Clozapine, the ‘gold standard' antipsychotic, is unique among the typical and atypical antipsychotics in its ability to ameliorate psychosis in patients with treatment-resistant SZ and to reduce the risk of suicide.[36, 37] The present study shows that clozapine is capable of correcting behavioral deficits and can induce chromatin remodeling in PRS mice that are resistant to haloperidol treatment. In future studies in PRS mice, we would like to establish whether clozapine has advantages over other antipsychotics in treating cognitive and negative symptoms of SZ because of its unique chromatin remodeling properties.

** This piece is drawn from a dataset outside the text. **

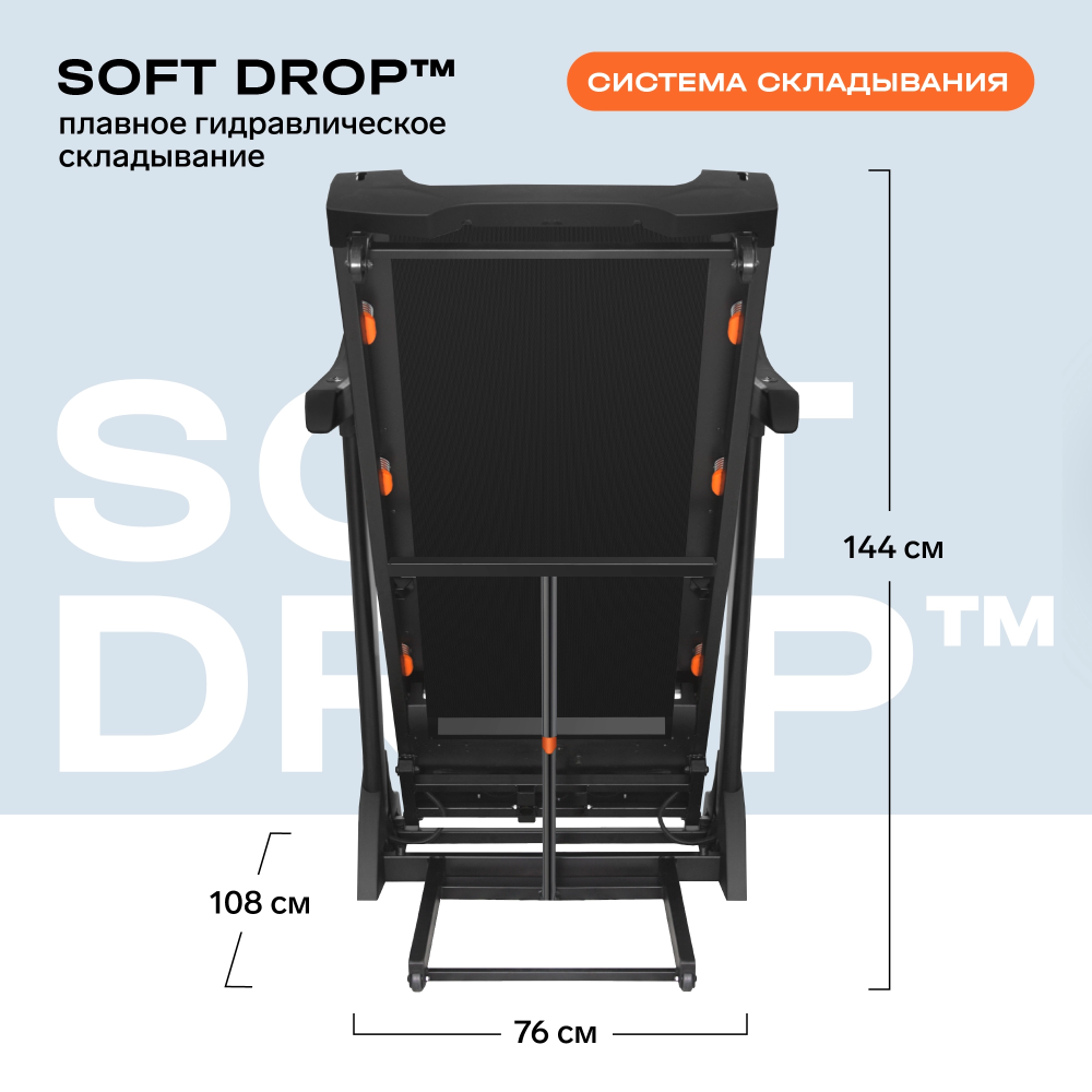 | Дополнительные особенности тренажера | гидравлическое складывание SOFT-DROP™; мультимедийная комплектонента, мобильное приложение FITSHOW |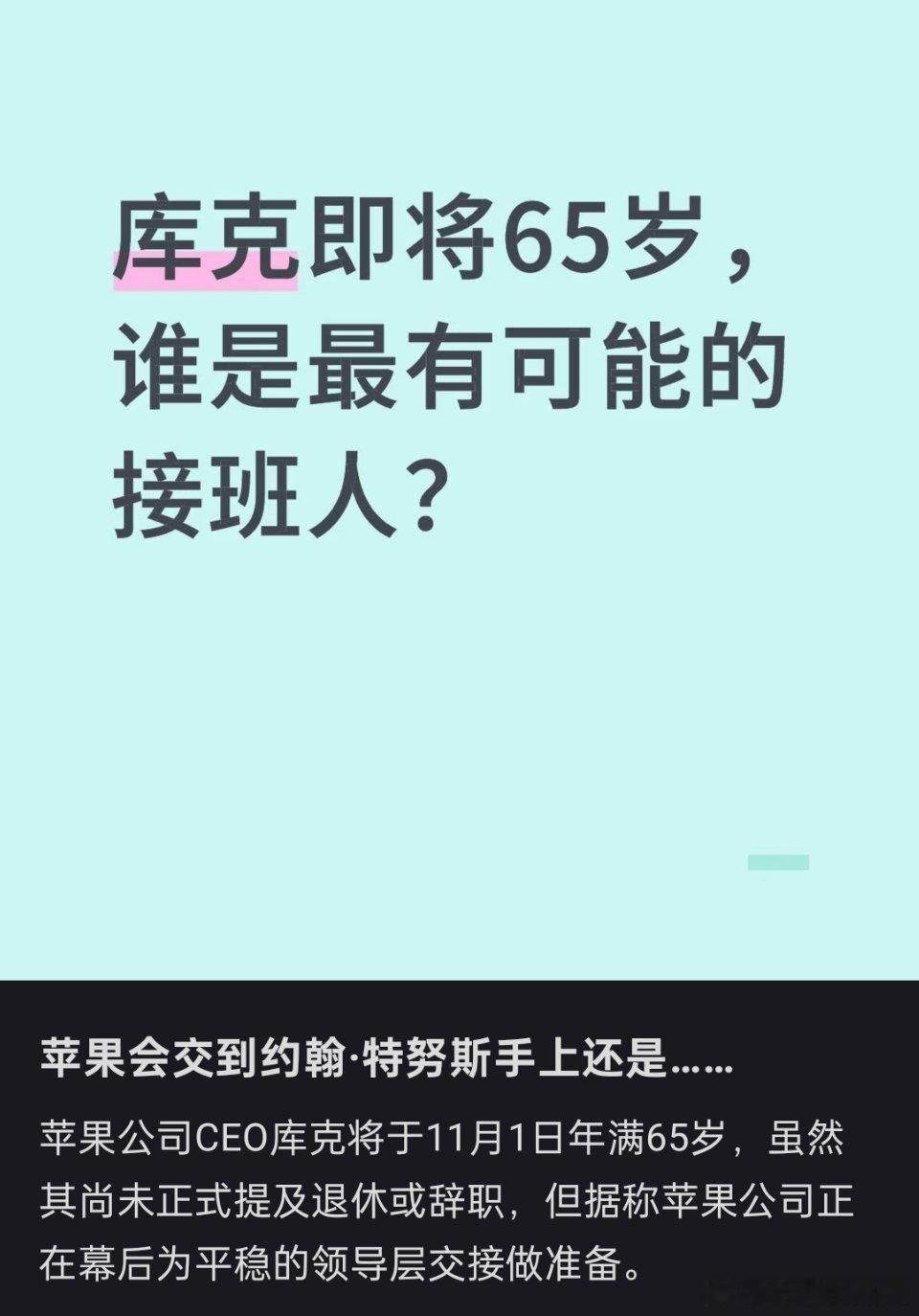 库克即将65岁退休,谁是最有可能的接班人?有传闻50岁的特努斯是美国科技巨头苹果公司最有可能的接班人,但他的方向是技术,一般来说,成熟的科技企业职业经理人都倾向于擅长供应链的当CEO,或许苹果公司没得选了?

Collectively, the current and previous studies from our group[1, 2] and others[11, 12] support the conclusion that the PRS mouse model has construct face validity as an experimental epigenetic model of vulnerability for specific forms of psychopathology (that is, schizoaffective disorders) and can be used to screen potential anti-psychotic drugs for improved clinical efficacy in acting on altered epigenetic mechanisms. Furthermore, the PRS model theoretically has the potential for predicting treatment responses at specific initial stages of the psychopathology with particular attention to early disease detection and possible prophylactic intervention.